Make sure that you have done the following before starting with this short exercise:

  • Request acces to the CERN analytix cluster here
    • Project description: MUO POG SFs derivation and DAS exercise
    • Source of data: /cms/muon_pog/parquet/muon
    • Leave all the other fields as they are
  • Set up a CMSSW_13_0_14 area in your eos space (i.e. cmsrel CMSSW_13_0_14 in /eos/user/U/USERNAME/)
  • Clone the spark_tnp repository from here and install it following the instructions in the README # TODO: Fix this link with the correct fork
    • Modify this line with the correct path to the CMSSW_13_0_14 area you just set up (should be /eos/user/U/USERNAME/CMSSW_13_0_14/src)
  • Make sure you can access SWAN

Additional material¶

In this notebook we are going to heavily rely on Awkward Arrays. We are going to use very baseline functionalities, and everything should be quite straightforward.
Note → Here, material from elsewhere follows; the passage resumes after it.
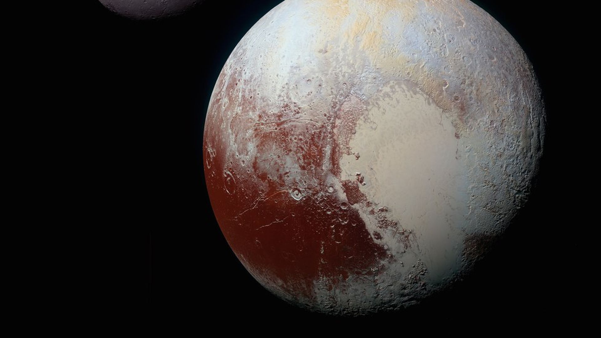 Pluto (foreground) and its moon, Charon. Image: NASA/JHUAPL/SwRI
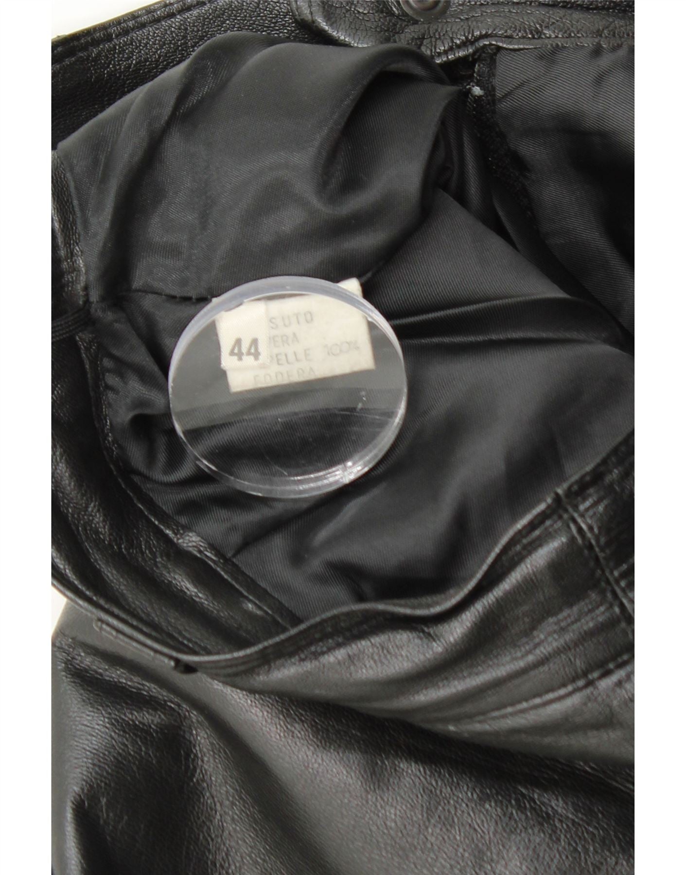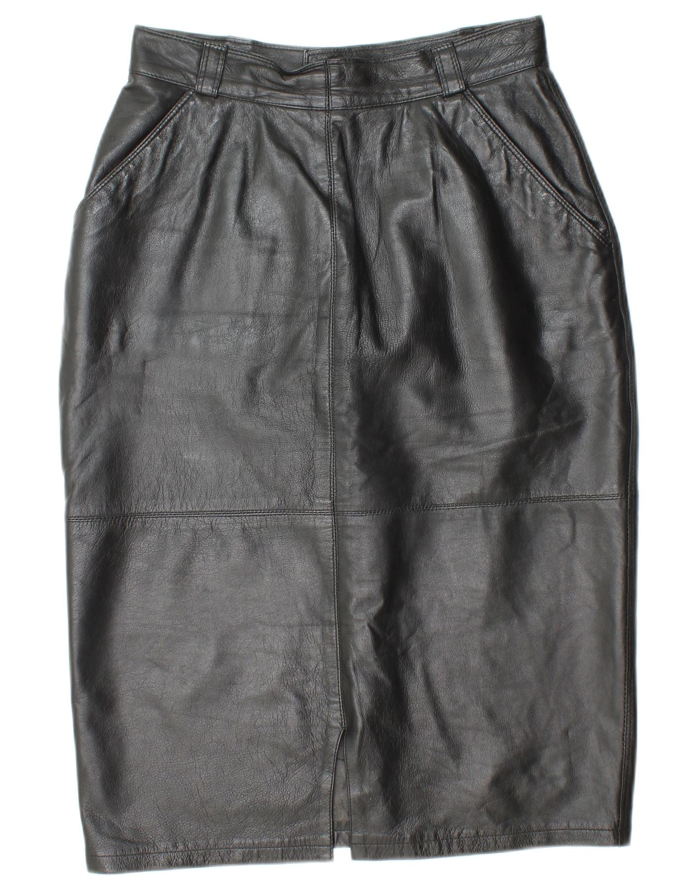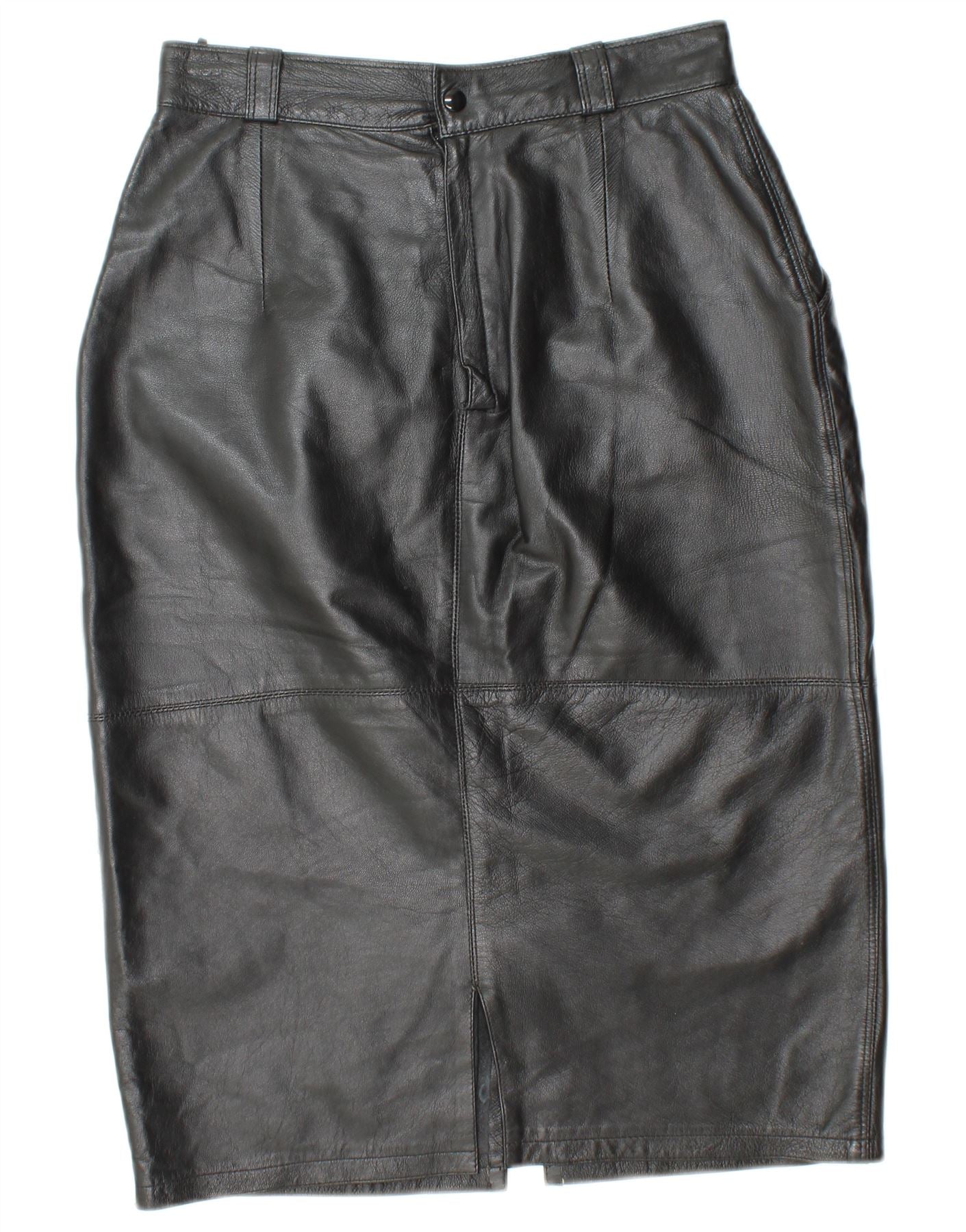 VINTAGE Womens High Waist Leather Skirt IT 44 Medium W26 Black Leather

However, if feel like you want a more gentle introduction to it beforehand (or while you work on this exercise), you can have a look at:

  • This and this tutorial
  • This introductory page and all the inputs on the left sidebar
  • Google search ;)

In this notebook¶

  1. Introduction
  2. Inspecting nanoAOD structure
  3. Understanding muons
  4. Muon reconstruction algorithms
  5. Generator level muons
  6. miniAOD vs nanoAOD
  7. Bonus exercise: gen-level matching

0. Introduction¶

We will start this exercise with a brief introduction about what muons are, what are their properties and how they interact with matter. Afterwards you will learn how muons are reconstructed in the CMS detector and why they are such a standard candle for many physics analyses. In the hands on part, which starts with this notebook, you will learn how to access information about muon candidates in the .root files used in CMS. In the first part of this notebook, we are going to use the so called nanoAOD file format. This is the last level of skimming that you can get to in the processing of CMS data. It consists of a flat tree containing only the final and most general muon information, meaning that some selection criteria are also applied to the muons candidates (of course, also to the other particles) stored in here.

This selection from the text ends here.